The Flexagon Series set of 5, 2006-7, various sizes, $200.00. This flexagon series started with Inside Out or Denial is a Wonderful Thing, printed letterpress in two colors and used the continuous flexagon format. Inside Out is a 6 inches square flexagon, printed on Mohawk Superfine paper and is enclosed in a folder with complete operating instructions. The second in the series is Mid-Coastal, a 1000 Mile Commute, printed letterpress in two colors and used the tetraflexagon format. Mid-Coastal is a 5” x 10” flexagon printed on French’s Cement colored construction paper enclosed with an instruction card in a plastic sleeve. The third in the series is Nice vs. Polite, printed letterpress in two colors and used the woven flexagon format. Nice vs. Polite is a 6” x 4” flexagon printed on Mohawk Superfine paper with operating instructions and enclosed in a plastic sleeve. The fourth in the series is A Game of Fetch, printed letterpress in two colors using the hexaflexagon format. A Game of Fetch is a 6” x 6” flexagon printed on Mohawk Superfine paper and enclosed in a plastic sleeve. The fifth in the series is Where Ever You Go There You Are, printed letterpress in three colors using the rotating ring format. Wherever You Go There You Are is a 5” x 5” flexagon printed on slate blue construction paper from the French Paper Company and enclosed in a plastic sleeve with a paper wrapper containing the operating instructions and colophon. All of the flexagons are in editions of 100. The lidded box designed to contain all five of the flexagons is now sold out.
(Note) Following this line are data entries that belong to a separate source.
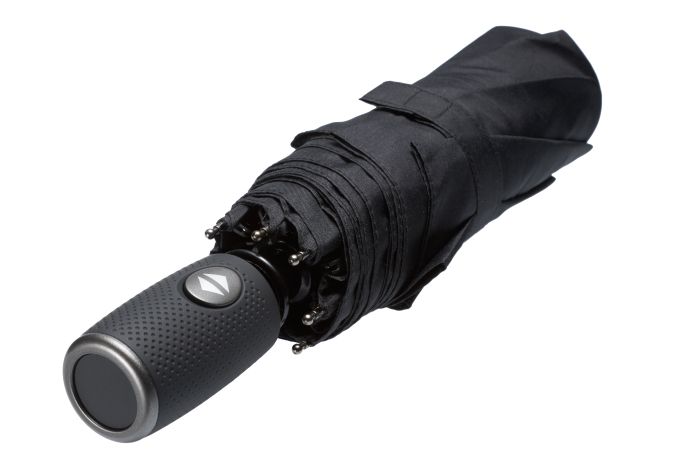 Эргономичная ручка с покрытием soft touch удобно лежит в руке. Зонт складывается в два сложения и поставляется в жестком футляре на молнии.
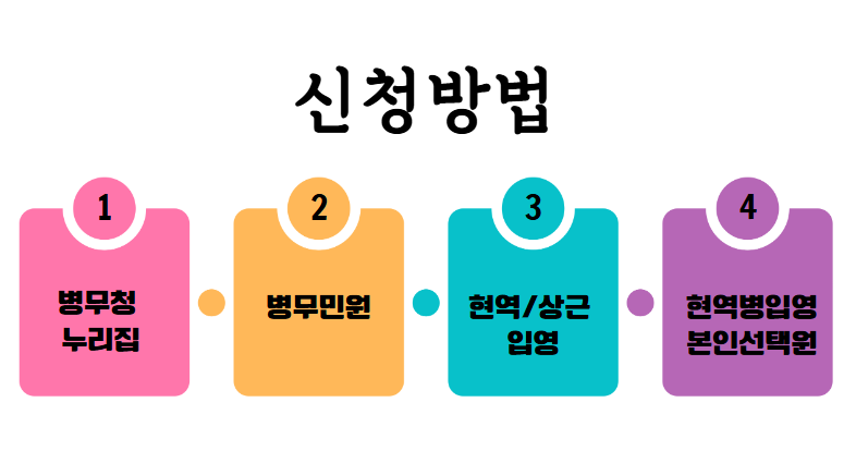 1) 스마트폰(병무청 앱)을 사용하여 신청할 경 접수시작 시간에 작동이 느려질 수 있으므로, PC를 사용한 신청 권장 ▶ 다음 접수 일정(예정) : 병무청 누리집 공지사항 참고
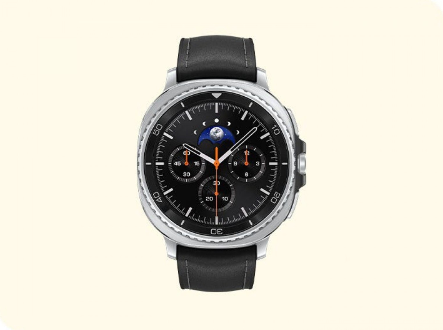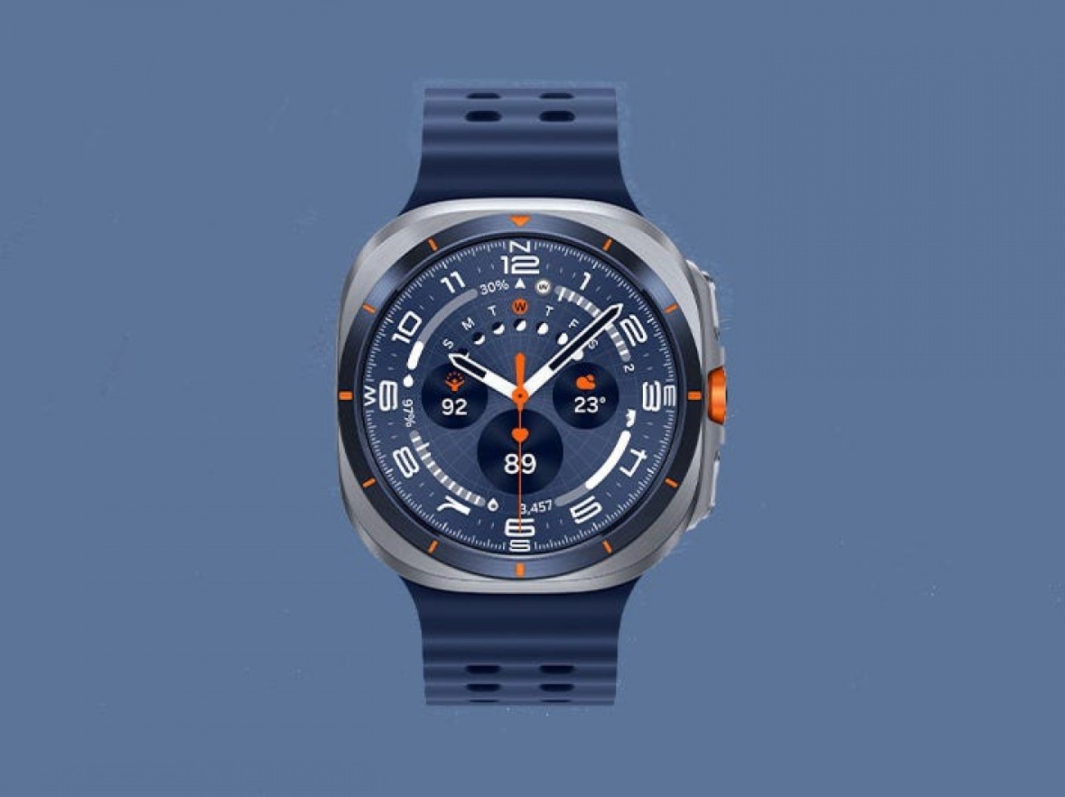 Wreszcie, druga generacja Galaxy Watch Ultra (oznaczona jako Ultra 2) charakteryzuje się stałą niebiesko-pomarańczową ramką, pomarańczowym środkowym przyciskiem i szarą tytanową obudową.
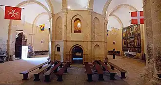 In the walls of the nave remain vestiges of the old mural decoration as well as two niches, one with the icon of the patron saint of the Order of Malta, Our Lady of Philermo and another with the icon of the patron saint, St. John the Baptist. The flags of the Order of Malta, which refer to the languages into which it is divided, are located throughout the nave. In the central apse there is an image of Jesus crucified from the 13th century. In the left apse is located the chapel of the tabernacle where there is a copy of the image of St. John the Baptist, patron saint of the Order of Malta, whose original is in its headquarters in Madrid. In the right apse is the Romanesque image of the Virgin of Peace.
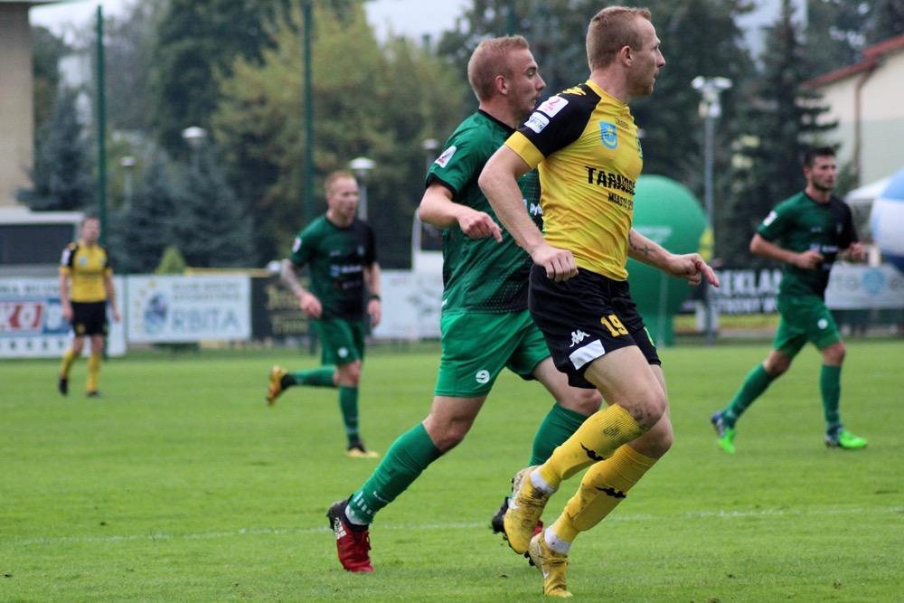 - 8.09.2018, Stadion Miejski w Tarnobrzegu. Piłkarze Siarki (żółto-czarne stroje) ulegli przed własną publicznością drużynie ROW-u Rybnik 0-2 w meczu 9. kolejki rozgrywek 2 ligi (fot. Radosław Kuśmierz)
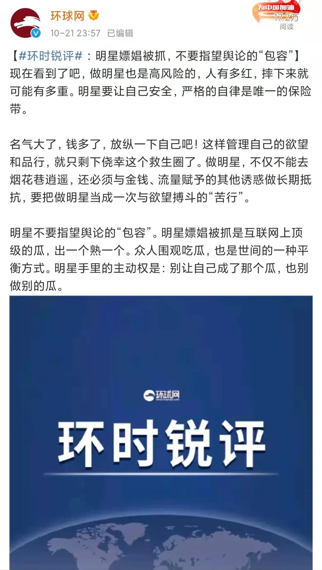 环球锐评:明星嫖娼被抓,
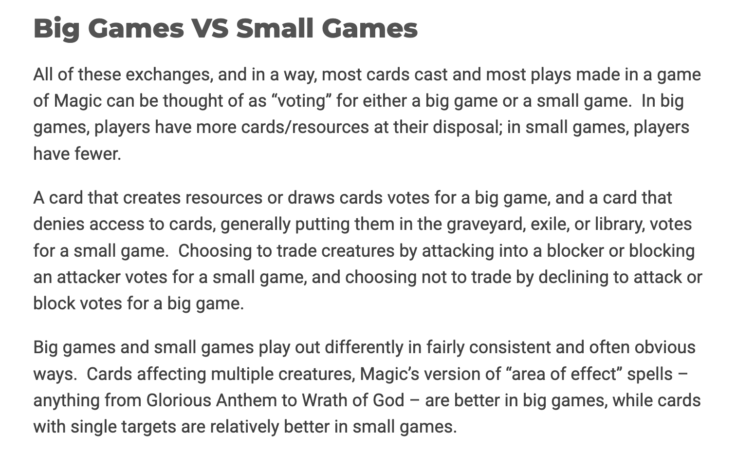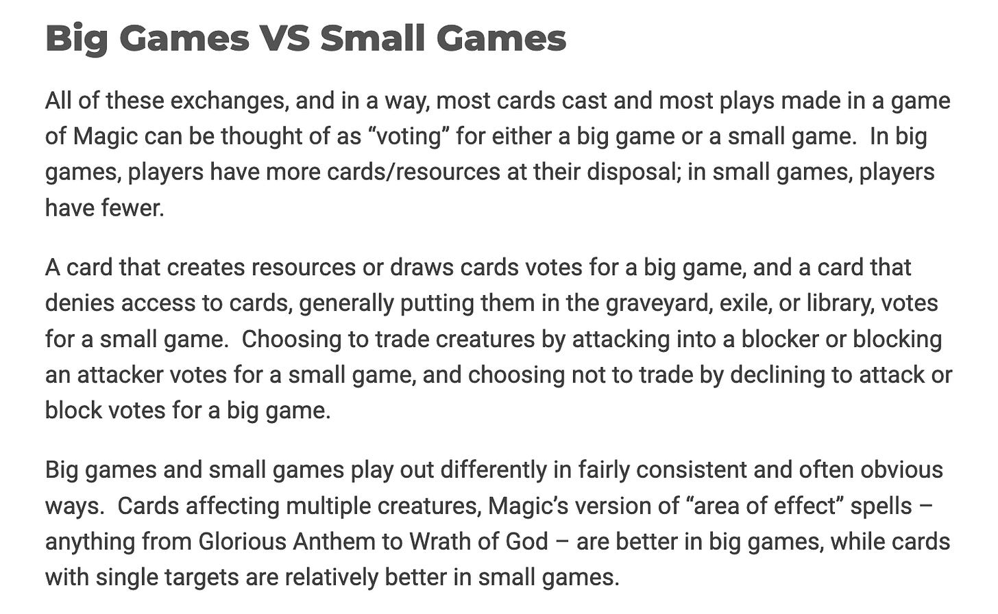 Big games and small games play out differently in fairly consistent and often obvious ways. Magic’s version of “area of effect” spells – anything from Glorious Anthem to Wrath of God – are better in big games, while cards with single targets are much better in small games.”
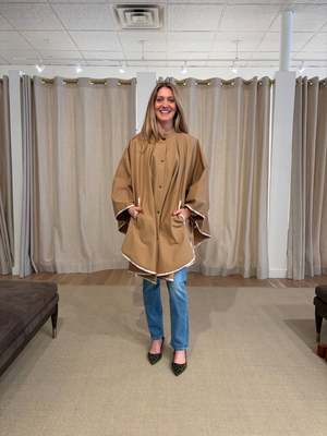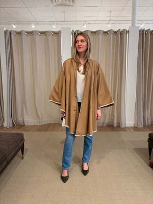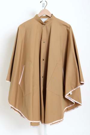The rain cape in water-repellent twill protects from morning mist and sea spray. Wide and flowing, it fastens high on the neck and plays with contrasting colored ribbons along the edges and pockets, creating a joyful interplay of colors that herald the arrival of spring. 75% cotton 25% polyamide.
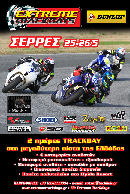 Η Extreme Track days ανακοινώνει την πρώτη της φετινή εκδήλωση στο Αυτοκινητοδρόμιο Σερρών. Πιο συγκεκριμένα, το Σάββατο 25 και την Κυριακή 26 Μαΐου, η γνωστή εταιρεία θα διοργανώσει στη μεγαλύτερη πίστα της Ελλάδας ολοήμερες οργανωμένες δοκιμές για αναβάτες κάθε επιπέδου. Πιο συγκεκριμένα, η εκδήλωση θα περιλαμβάνει τέσσερις ομάδες αναβατών: Αρχάριοι, Ενδιάμεσοι, Προχωρημένοι και Αγωνιζόμενοι/Εxpert αντίστοιχα. Πριν την έναρξη θα διεξαχθεί σεμινάριο επεξήγησης κανόνων ασφαλείας στην πίστα, η παρακολούθηση του οποίου θεωρείται υποχρεωτική για όλους τους συμμετέχοντες.
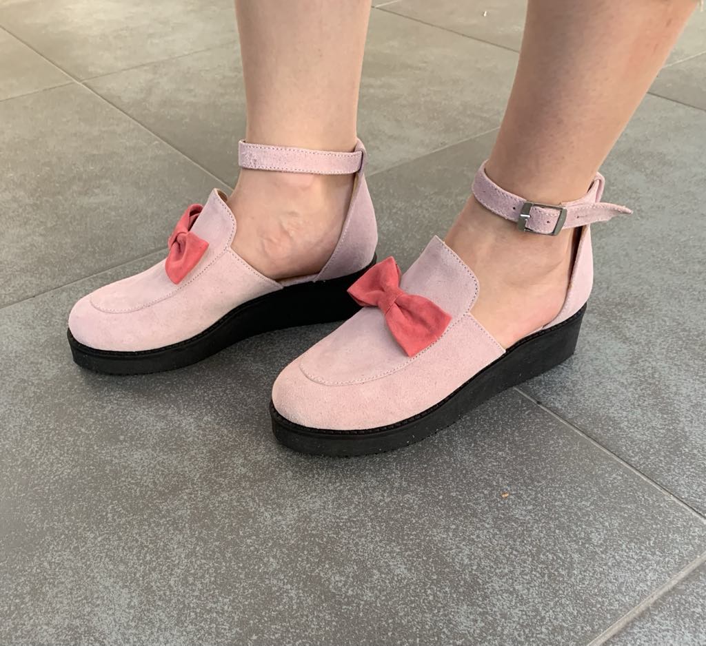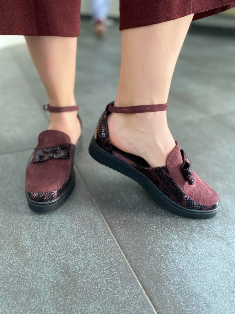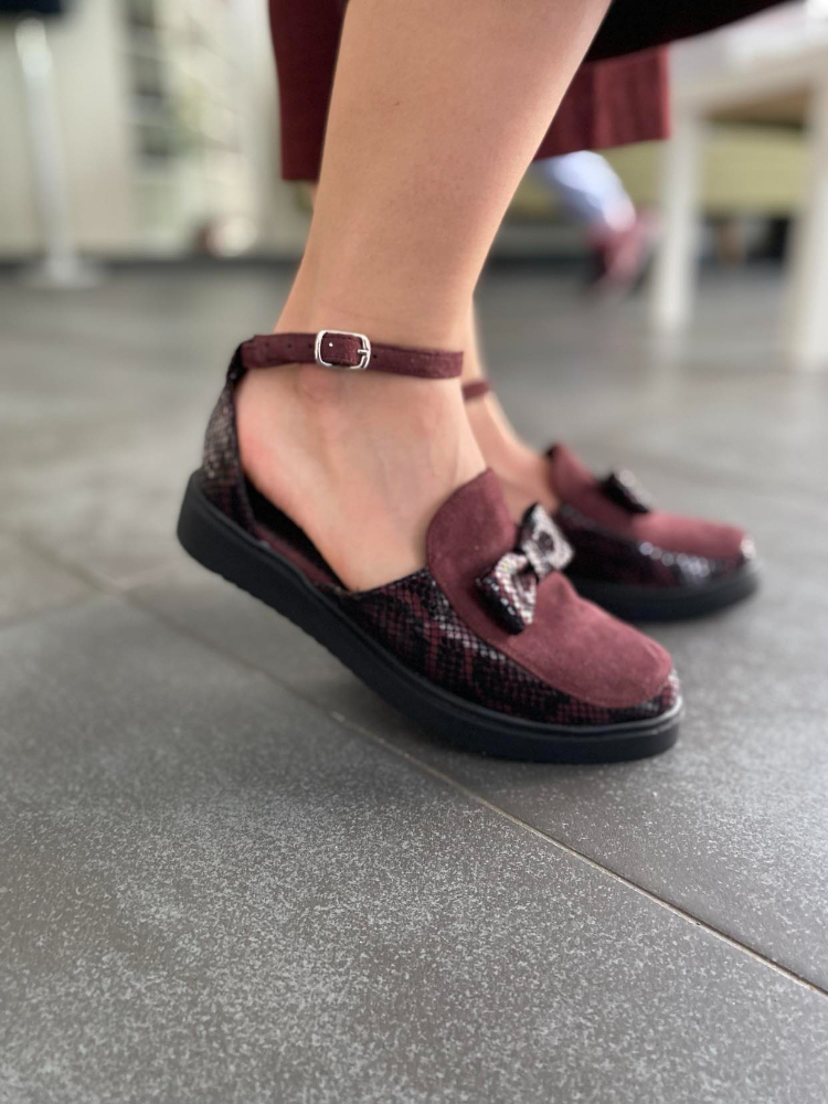 Pantofi din piele narurala cu talpa usoara, usor ortopedica (2 cm la varf si 4 cm la spate).

Sleepers, Dreamers & Screamers, 2006, 9 ½” x 7″, $850.00. An accordion pop-up book, printed letterpress with hard covers enclosed in a matching clamshell box. The pop-ups are constructed of a variety of papers including a cotton and gampi paper made for the project by Bridget O’Malley of Cave Paper. The complete text is “We’ve all had nightmares. Vivid as they may be there is always that sweet release upon waking. But what happens when events in our waking lives surpass even our most horrific dreams. Where is our release now? ”This book was begun in 2001 and derailed by events of September 11, 2001. The text was rewritten in the aftermath and finally completed. Edition of 15.

Fly Away, 2005, 9″ x 8″ x 1″, $250.00. A triangular accordion book printed using letterpress, inkjet and pouchoir on Sakamoto paper, the primary text muses on the sometime desire to flee one’s own life. There are three texts that run along different facets. When the book is standing upright all three facets are visible. A nontraditional variation of the Japanese double leaved album with an attached hard cover wrapped in Moriki paper. Edition of 50.

Slices, 2004, 4″ tall, 8″ in diameter, $175.00. A letterpress printed carousel book constructed of Moriki paper and Thai striped paper. The text is positioned on top of each of the 12 slices; each segment of text contains 50 words. This book was produced in conjunction with the artist’s 50th birthday. Hard cover wrapped in Thai striped paper with an embedded magnetic strip to hold the cake in its full circle. Comes with a doily lined pink cardboard cake box. Edition of 50.